The report basically says that no one knows if these tropes came from advertising or if advertising just enforces them. Is that true?
It’s difficult to establish any kind of linear causation relationship between whether advertisers were distinctly creating this or whether they were responding to cues in society and enforcing some of the elements that would sell better. The whole history of advertising in the US was based on the assumption that women were the primary consumers. There’s this great text I read that talks about Mr. Breadwinner and Mrs. Consumer. It’s difficult to say “this particular ad led to this particular framework of women,” but I would say on a societal level, absolutely, these limiting images have been at the cornerstone of the advertising industry, in some cases since the late 19th century.
You’ve probably heard the term “Always a bridesmaid, never a bride.” That’s actually from an early Listerine ad, where the story is about this woman, and if she doesn’t use Listerine she’s not going to get married. Advertisements have traditionally exploited individuals’ fears. The fears for women in the early 20th century, because of their social recognition, were very much based on being a good wife and mother. Our society’s model for masculinity was being a good provider and worker. So the advertising industry tapped into these fears and provided products that could ameliorate these fears.
That’s where the stereotypes have been the most influential. It’s less in the individual level and more in providing these sociocultural models for what a proper feminine woman is like or what a proper masculine male is like. By furnishing these models, they help to create a sense of aspirationalism and idealism or, alternatively, fears that can be addressed through the consumer marketplace.
In addition to the UK, there are several other countries that have regulations around gender stereotypes in ads: Belgium, France, Finland, etc. Norway has had one since 1978. Why do US regulations only apply to ads targeting children? Is there a chance that’ll change?
The UK has historically had much more aggressive standards in regulating the advertising industry. We saw this in the case of their banning of false advertising, and in the social media context with enforcing product disclosures to an extent to which the US has been less aggressive.
I think a lot of it comes down to the history of advertising in sort of economic contexts and the tradition of self-regulation. Any industry is going to advocate self-regulation because it gives them much more control within these standards. And so the US industry has traditionally espoused this sort of self-regulatory model for a whole host of political and economic reasons. That’s one of the explanations for why we see the UK and other European countries much more willing both to create and enforce these standards. There’s a hope that these guidelines will be successful and have an international uptake.
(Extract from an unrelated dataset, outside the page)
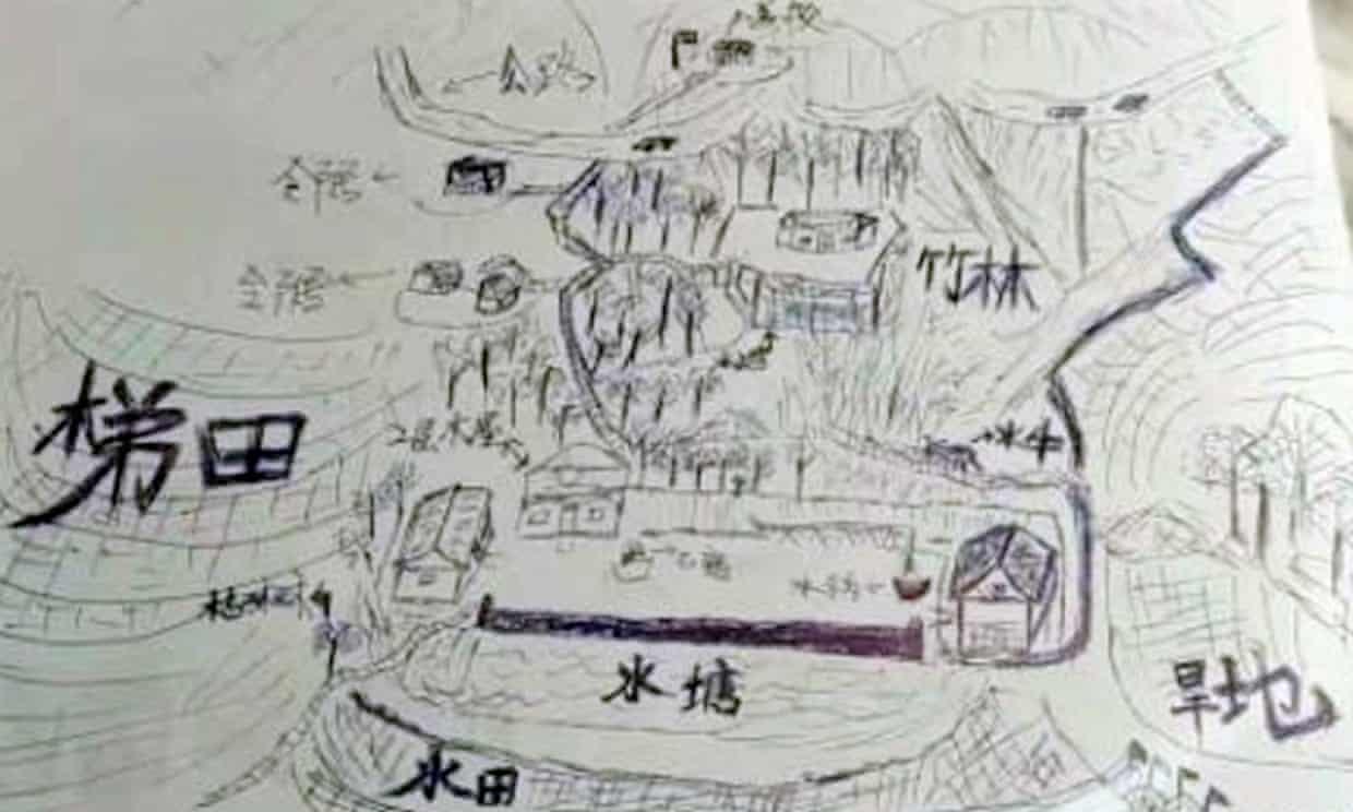 Вже дорослим Лі Цзіньвей намалював мапу зі школою, бамбуковим лісом та ставком. У 2020 році 24 грудня він виклав малюнок у соцмережі Douyin (китайський аналог TikTok — ред.). У відео Лі сказав, що шукає свій дім, але не знає назви села чи адресу будинку.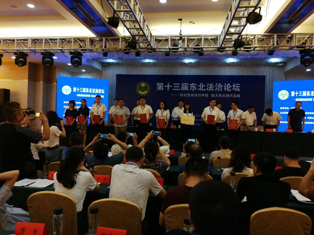 2018年8月8日,第十三届东北法治论坛在辽宁省葫芦岛市华泰国际酒店举行,公司贺志丽博士和章辉教授合作撰写的论文《资源型城市转型升级过程中的知识产权保护对策研究——以大庆市为例》荣获一等奖,贺志丽博士应邀作主题发言。刘锐博士撰写的论文《大庆网约车实施细则的分析与思考》获得三等奖。

There’s not really any acknowledgment anywhere of gender stereotypes intersecting with racial or class stereotypes. Maybe that’s more of an American concern, but that seemed strange to me.
It is. It’s still — I don’t want to say superficial, it’s not superficial — but it’s still surface-level. I think it’s an important start, but it does fail to account for the recognition of intersectionality politics, the ways in which gender is deeply interconnected with race and ethnicity and age and sexuality and all of that. I don’t want to take away from it because I think it is a step in the right direction, and I would support the US doing something like this. But I think our economic history of self-regulation makes me question whether the standards would translate to advertising in the US.